**Dataset extract**
BEGIN

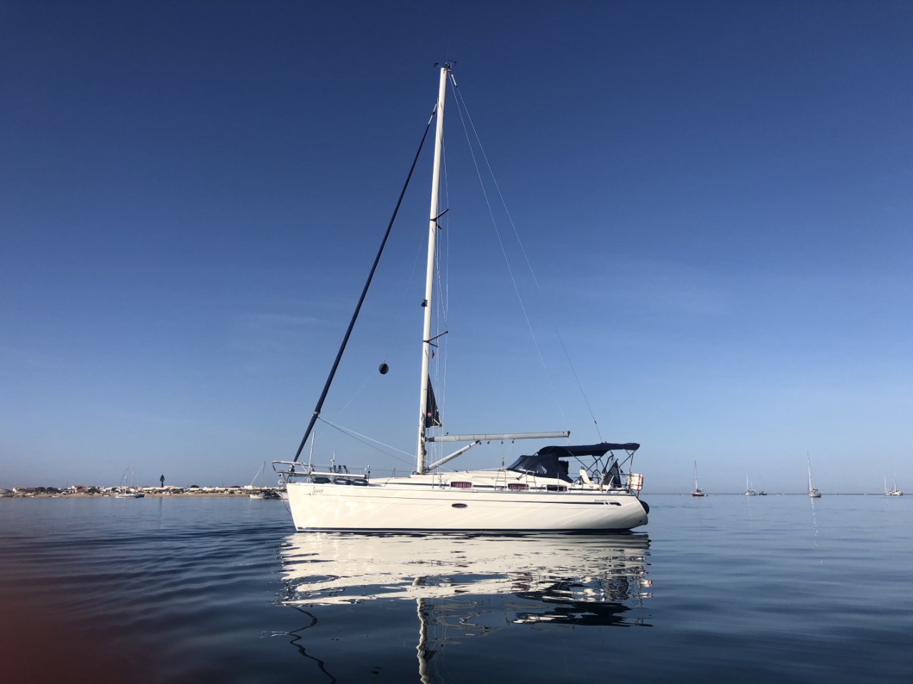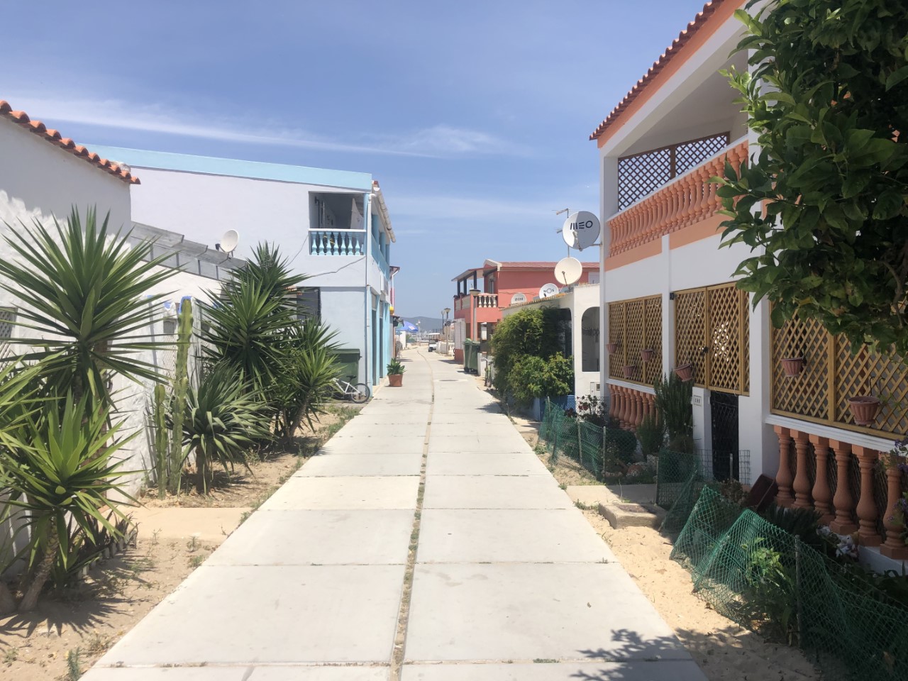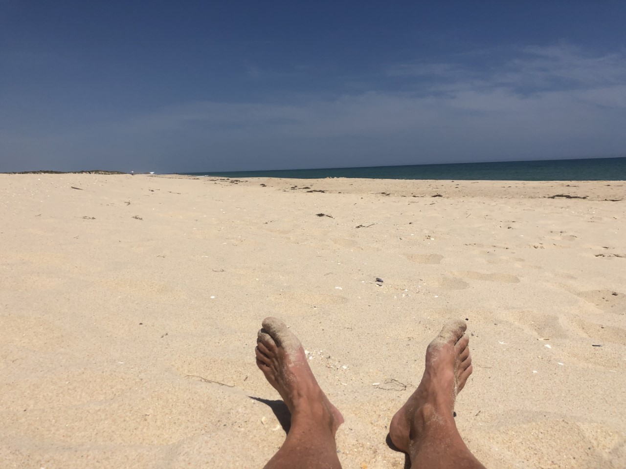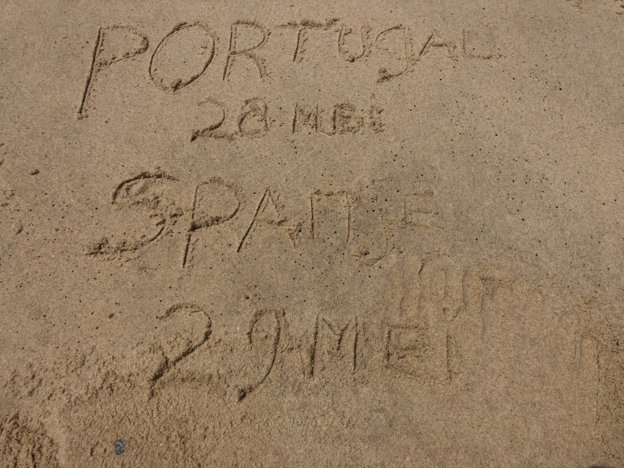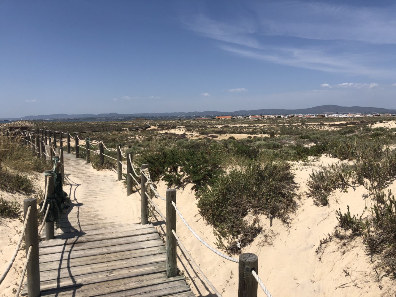 We zijn toen bakboord uit de haven uitgevaren om ons avontuurlijke rondje om de zandbank af te maken. Ook hier was het ondiep en we raakten even licht de zandplaat. We waren snel los. Iets later kwam er een vissersbootje langs ons en die had een mooie snelheid om te volgen, wat voor ons makkelijker was om de ondieptes te ontwijken. Toen we terug in dieper water waren, hebben we een kort bezoekje gebracht aan de Pincoya, die we ieder jaar wel eens een keertje tegen komen. Na een kort praatje hebben we ze uitgenodigd voor een drankje in de namiddag. Terug op de Just hebben we na een korte lunch de handdoeken gepakt en zijn naar Culatra gevaren om naar het mooie zandstrand te gaan. Prachtig wit zand, een lange duinenrij, één enkel strandhutje voor een drankje en je kon er klaargezette parasols huren, maar de paar strandgasten gingen liever bakken in de zon. Na wat bakken, pootje baaien in het ijskoude oceaanwater en een wandeling langs de vloedlijn, hebben we in het dorpje het koffietentje van gisteren weer bezocht om de lokale economie te steunen.
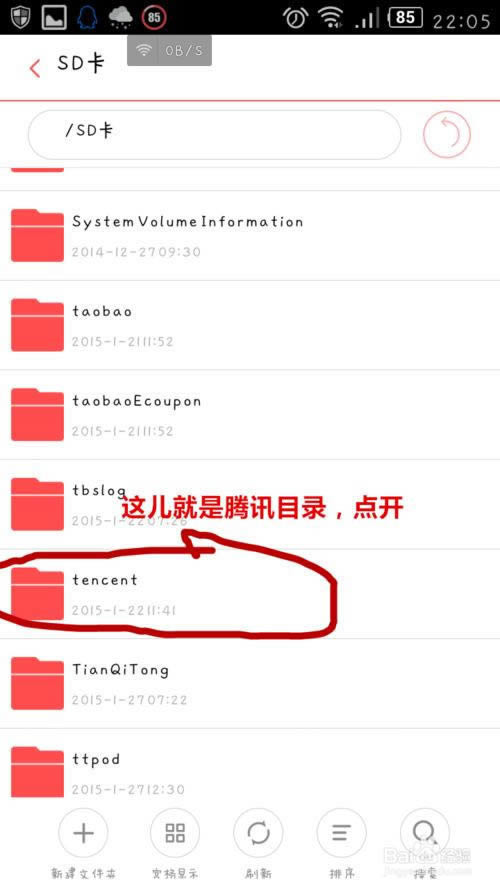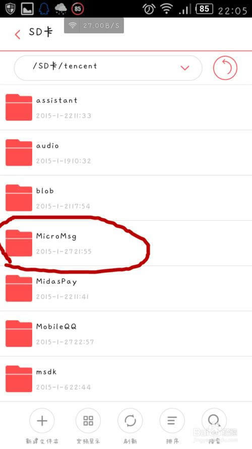 往下翻看目录找到“tencent”文件夹,点开,找到“MicroMsg”文件夹,这个就是微信的文件夹
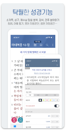 또한 글자 크기나 화면 색상처럼 사소해 보일 수 있는 부분까지 세밀하게 조정할 수 있어, 상황에 따라 읽기 환경을 바꿀 수 있습니다. 짧은 시간 말씀을 읽을 때나 오랜 시간 통독할 때 모두 무리가 없도록 구성된 점에서, 성경을 꾸준히 가까이 두고 사용하기에 적합한 어플이라는 인상을 받게 됩니다.
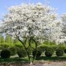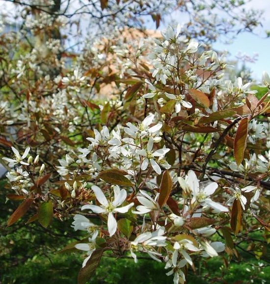 Ирга Ламарка – Многоствольное невысокое дерево до 5.0 м. Крона раскидистая, зонтикообразная за счет косо-вверх направленных скелетных ветвей. Листья эллиптические или яйцевидные, до 10 см длиной, при распускании зелено-медные, затем становятся зеленые сверху и сизые с нижней стороны листа, осень окрашиваются в оранжевые и красные тона. Цветение в первой декаде июня, почти одновременно с распусканием листьев. Цветки некрупные, звездчатой формы, белые, собраны в кистевидные соцветия. Цветение не продолжительное, 7-10 дней. Во второй половине июля созревают темно-пурпурные округлые сладкие плоды. Для посадки лучше отдавать предпочтение солнечным местам. Переносит и полутень, но цветет хуже. К почвам не требовательна, но не переносит излишней влажности почвы. Хорошо переносит городские условия. Зимостойкость в условиях Сибири хорошая.
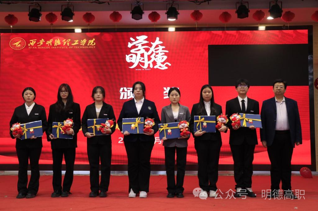 高等职业技术学院副院长于莉宣读了表彰决定,参会领导为获奖学生代表颁奖。
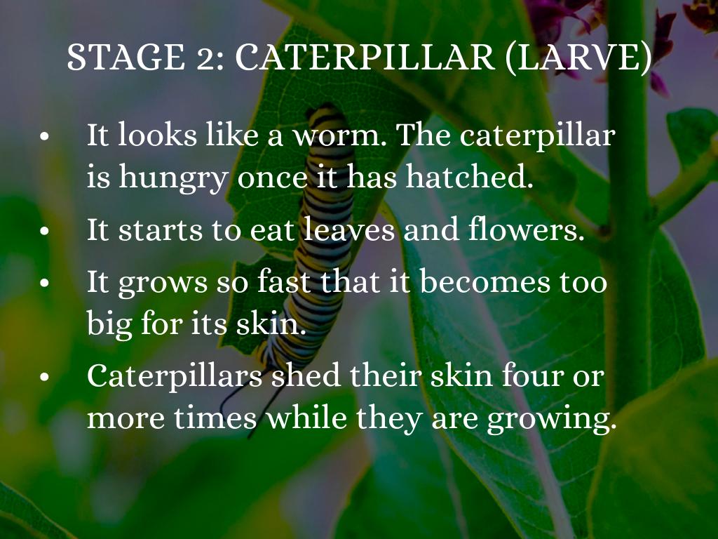 It looks like a worm. The caterpillar is hungry once it has hatched.
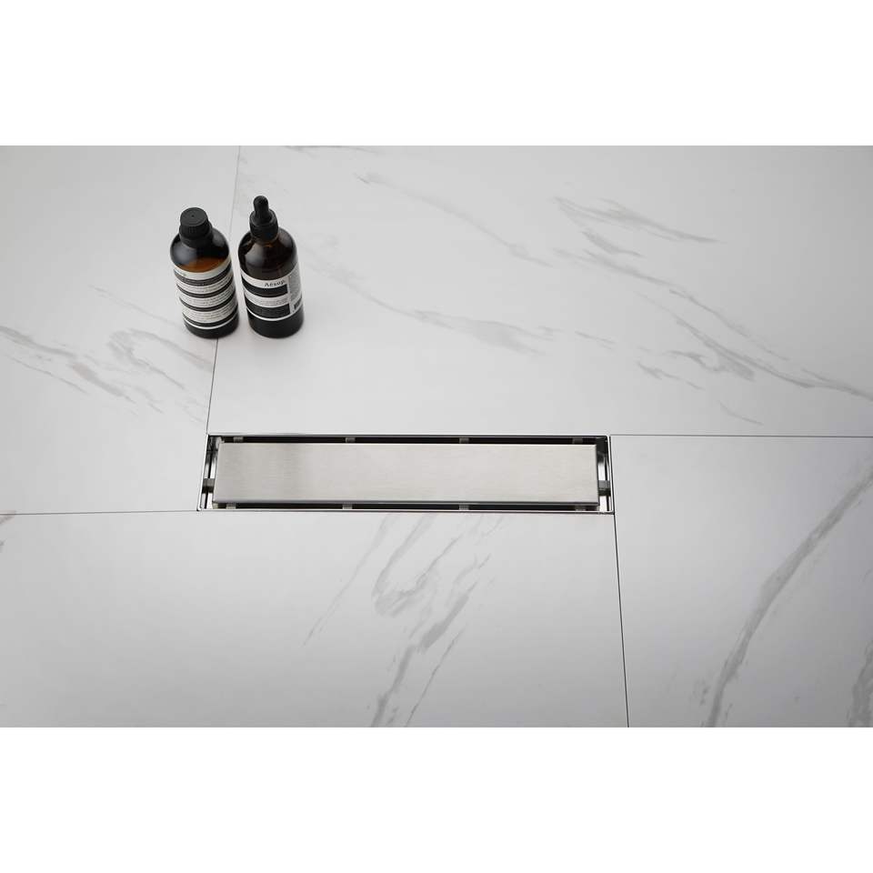 12-Inch DB Linear Shower Drain with Removable Cover 304 Stainless Steel Includes Hair Strainer Leveling Feet for Bathroom Use
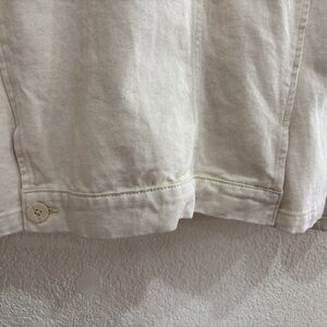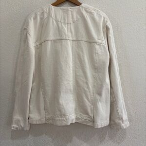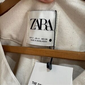 Stylish off-white jean jacket by Zara. Features button closure and front pockets. Ideal layering piece for work or play.
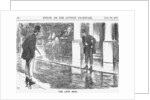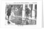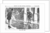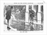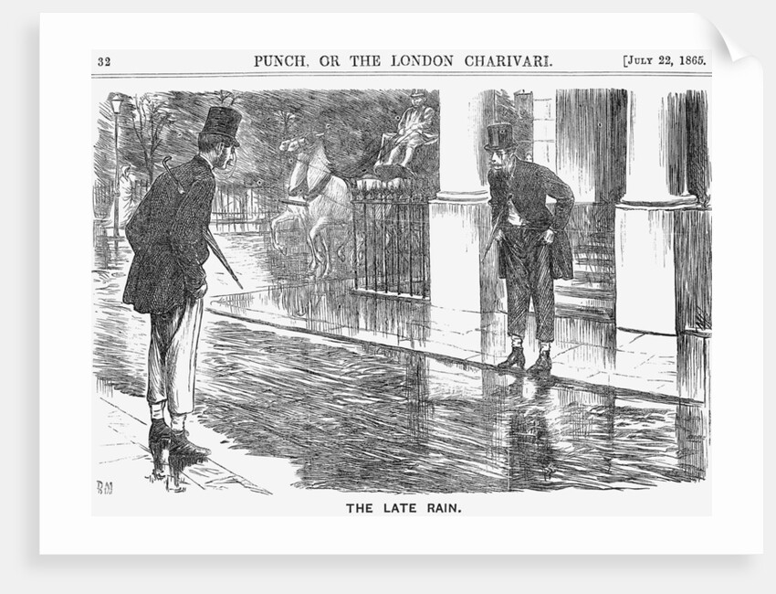 'The Late Rain', 1865. Two gentlemen hitch their trousers up before attempting to cross the road. Many of London's streets remained unpaved at this time. In addition, a lack of gutters and the dirt of man and horse tended to compound the problem. In wet weather, the roads could become almost impassable, as shown in this cartoon. From Punch, or the London Charivari, July 22, 1865.

END

**Work request**
With the pictures omitted, print precisely the lines from the one with "Stylish off-white jean" to the final line of the records, both included.

**Answer to this problem**
 Stylish off-white jean jacket by Zara. Features button closure and front pockets. Ideal layering piece for work or play.
 'The Late Rain', 1865. Two gentlemen hitch their trousers up before attempting to cross the road. Many of London's streets remained unpaved at this time. In addition, a lack of gutters and the dirt of man and horse tended to compound the problem. In wet weather, the roads could become almost impassable, as shown in this cartoon. From Punch, or the London Charivari, July 22, 1865.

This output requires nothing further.